First, there are costs involved in moving and reorganization. Why should the public have to bear this cost when economic intelligence is just moving to a different and not necessarily better place? Second, there is a danger when vital economic intelligence is being done within an economic policymaking body such as Treasury. The danger is that the intelligence will not be objective. If I am providing intelligence for the Secretary, and the information I produce does not gel with his views, my job may be in trouble. So, I may abandon my analytic instincts and try to produce intelligence pleasing to him. The public will be paying for distorted information.
In conclusion, the crux of the IC's economic intelligence production should continue to reside in the CIA.
The numbers will dictate whether economic intelligence in the post-Cold War era is a success. Have businesses continued to gain money as a result of intelligence efforts to "level the playing field?" Alternatively, are the cases where foreign governments use bribery to win contracts abroad decreasing? Is the money lost as a result of industrial espionage decreasing? In the same light, are the cases of industrial espionage in America decreasing?

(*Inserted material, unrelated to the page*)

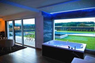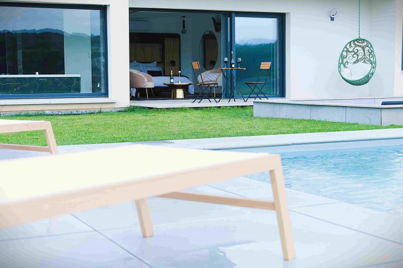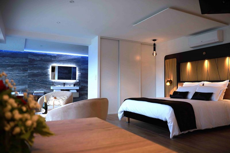 Loft haut de gamme de 50 m² entièrement privatisé de plain-pied. Il se présente comme un grand espace tout ouvert et lumineux avec une magnifique vue donnant sur un grand jardin avec piscine privative pendant la période estivale (de juin à septembre). Une terrasse est également attenante au logement. Ce loft est climatisé et doté d’équipements de dernière génération incluant une baignoire balnéo haut de gamme surplombée par un ciel étoilé, une douche à l’italienne ainsi qu’une cuisine équipée.

Above are the tangible measures for success. However, in the case of our competitiveness and our trade deficits, economic intelligence's role cannot really be measured. If we increase our competitiveness and strengthen our trade position, can we credit economic intelligence? Maybe. If we do not, can we blame intelligence? Again, maybe. However, the potential public benefit that economic intelligence can provide offers reason enough for a more aggressive policy.